Como piada, a argumentação da Wikipedia funciona bem. Receio, porém, que essa linha de raciocínio deixe uma
[5] fronteira jurídica desguarnecida. Se os direitos pertencem à macaca, por que instrumento legal 5 ela os cedeu à
enciclopédia?
Não são, entretanto, questiúnculas jurídicas que eu gostaria de discutir aqui, mas sim a noção de autoria.
Obviamente ela transcende à propriedade do equipamento. Se a foto não tivesse sido tirada por uma macaca, mas
por um outro fotógrafo com a máquina de Slater, ninguém hesitaria em creditar a imagem a esse outro profissional.
[10] Só que não é tão simples. Imaginemos agora que Slater está andando pela trilha e, sem querer, deixa seu aparelho
cair no chão, de modo que o disparador é acionado. Como que por milagre, a máquina registra uma imagem
maravilhosa, que ganha inúmeros prêmios. Neste caso, atribuir a foto a Slater não viola nossa intuição de autoria,
ainda que o episódio possa ser descrito como uma obra do acaso e não o resultado de uma ação voluntária.
A questão prática aqui é saber se o "selfie" da macaca está mais para o caso do fotógrafo que usa a máquina de
[15] outro profissional ou para o golpe de sorte. E é aqui que as coisas vão ficando complicadas. Fazê-lo implica não só
decidir quanta consciência devemos atribuir à símia mas também até que ponto estamos dispostos a admitir que
nossas vidas são determinadas pelo aleatório. E humanos, por razões evolutivas, temos verdadeira alergia ao
fortuito. Não foi por outro motivo que inventamos tantos panteões de deuses.

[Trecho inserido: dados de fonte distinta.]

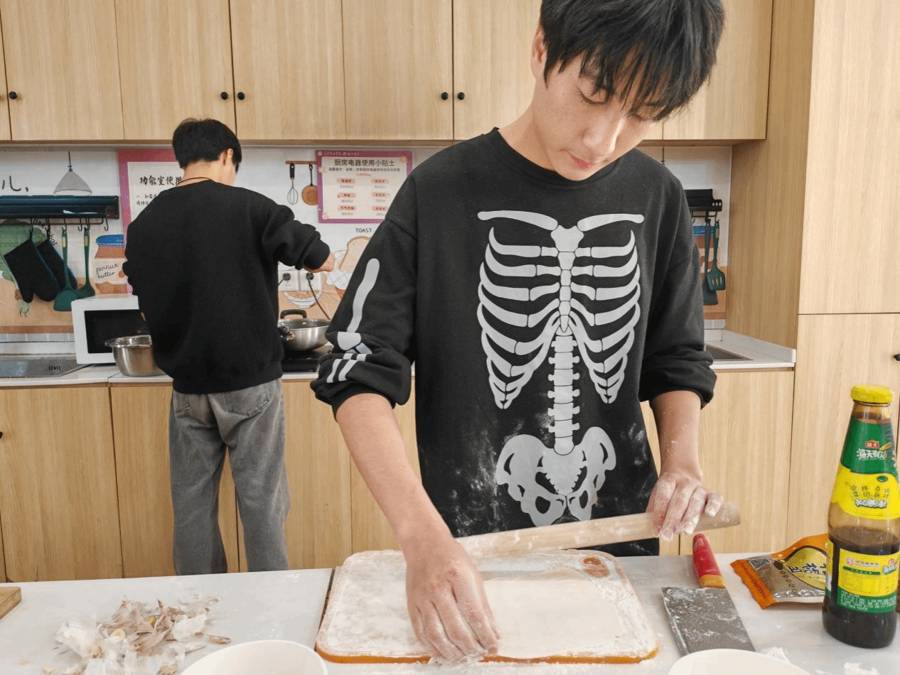 12月18日由美食协会组织的美食綦趣坊——刀削面香飘校园,共赏中华美食文化之刀削面制作活动在观云书院谷雨·共享厨房内开展,吸引了众多美食爱好者踊跃参与,现场气氛热烈非凡。本次活动旨在弘扬中华传统美食文化,丰富同学们的课余生活,让大家亲身体验传统面食制作的独特魅力。

(Hélio Schwartsman, Folha de S. Paulo, 09/08/2014)
No texto, as orações subordinadas “que ganha inúmeros prêmios” (ℓ. 13) e “que usa a máquina de outro profissional” (ℓ. 15 e 16), têm respectivamente sentido de
consequência e restrição.
causa e explicação.
explicação e restrição.
restrição e consequência.
realce e comparação.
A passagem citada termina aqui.